Open access peer-reviewed chapter

Introductory Chapter: Introduction to Photovoltaic Effect

By Beddiaf Zaidi

Reviewed: January 25th 2018Published: July 11th 2018

DOI: 10.5772/intechopen.74389

Downloaded: 476

1. Spectral characteristics of solar radiation

Solar radiation is a radiant energy emitted by the Sun as a result of its nuclear fusion reactions. Spectral characteristics of solar radiation, both external to the Earth’s atmosphere and at the ground, can be seen in Figure 1. Over 99% of the energy flux from the Sun is in the spectral region of 0.15–4 μm, with approximately 50% in the visible light region of 0.4–0.7 μm. The total amount of energy emitted by the Sun and received at the extremity of the Earth’s atmosphere is constant, that is, 1370 W/m2/s. The amount of energy received per unit area of the Earth’s surface is 343 W/m2/s. The standard spectrum for space applications is referred to as AM0. It has an integrated power of 1366.1 W/m2. Two standards are defined for terrestrial use: (1) the AM1.5 global spectrum is designed for flat plate modules and has an integrated power of 1000 W/m2 and (2) the AM1.5 direct spectrum is defined for solar concentrator work. It includes the direct beam from the Sun and the circumsolar component in a disk of 2.5° around the sun. The direct and circumsolar spectra have an integrated power density of 900 W/m2 (Figure 1).

Figure 1.

Spectral distribution of radiation intensity [1].

2. History of photovoltaic effect

The photovoltaic effect was discovered in 1839 by the French physicist, Alexandre Edmond Becquerel. While experimenting with metal electrodes and electrolyte, he discovered that conductance increases with illumination. Willoughby Smith discovered the photovoltaic effect in selenium in 1873. Albert Einstein described the phenomenon in 1904. The first silicon monocrystalline solar cell was constructed in 1941. In 1951, the first germanium solar cells were made. Bell’s Laboratories published the results of the solar cell operation with 4.5% efficiency. The efficiency was increased to 6% within a few months. In 1957, Hoffman Electronics introduced a solar cell with 8% efficiency. A year later, in 1958, the same company introduced a solar cell with 9% efficiency. The first radiation-proof silicon solar cell was produced for the purposes of space technology in the same year. In 1960, Hoffman Electronics introduced another solar cell with 14% efficiency. In 1977, the world production of photovoltaic modules exceeded 500 kW. In 1984, ARCO Solar introduced the first amorphous modules. In 1985, researchers at the University of New South Wales in Australia constructed a solar cell with more than 20% efficiency. In 1996, BP Solar purchased APS announced a commercial CIS solar cells production. During 2000 and 2001, the production by Japanese manufacturers increased significantly.

3. Solar cell structure

When a solar cell is illuminated by sunlight, photon energy of the incident light is converted to direct current electricity through the process of photovoltaic effect of the solar cell. Incident light causes electron–hole pairs to be generated in the semiconductor, and there is an increase in the concentration of minority carriers (electrons in the p-type region and holes in the n-type region) in the depletion region. This increase in the concentration of minority carriers results in the flow of the minority carriers across the depletion region into the quasineutral regions. These photo-generated carriers cause the flow of photo-generated current. When the junction is in the open-circuit condition, no net current can flow inside the p-n junction; thus, the current resulting from the flux of photo-generated and thermally generated carriers is balanced by the opposite recombination current (Figure 2).

Figure 2.

Incident light on a typical PN solar cell.

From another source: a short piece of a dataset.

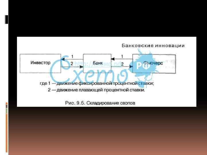 Складирование свопов Складирование свопов (англ. warehousing of swaps) - это заключение договора о свопе с банком и его страхование (обычно фьючерсами) до того момента, пока банк не подыщет вторую сторону договора о свопе. Сделки заключаются по требованию, и наличие второй стороны в момент заключения не обязательно. Возможна, например, следующая схема складирования свопов. Банк заключает с инвестором договор об обмене процентными ставками и одновременно производит страхование величины процентной ставки. Например, фиксированная процентная ставка - 10 % годовых. Величина плавающей ставки устанавливается в ходе торгов на валютной бирже. С целью страхования риска от снижения величины фиксированной ставки ниже величины плавающей ставки банк приобрел шестимесячный фьючерсный контракт на получение процентной ставки в размере 10 % годовых.

If a load is connected between the electrodes of the illuminated p-n junction, some fraction of the photo-generated current will flow through the external circuit. The potential difference between the n-type and p-type regions will be lowered by a voltage drop over the load. Also, the electrostatic potential difference over the depletion region will be decreased, which results in an increase in the recombination current [2].

4. Basic structure of a solar cell

Most solar cell technologies [3] have:

  • Anti-reflecting coating (ARC), which is a very important part in solar cell fabrication. It is usually sprayed over bare silicon cell because silicon has a high surface reflection.

  • Front contacts that are necessary to collect the current generated by a solar cell. They are usually made of metals.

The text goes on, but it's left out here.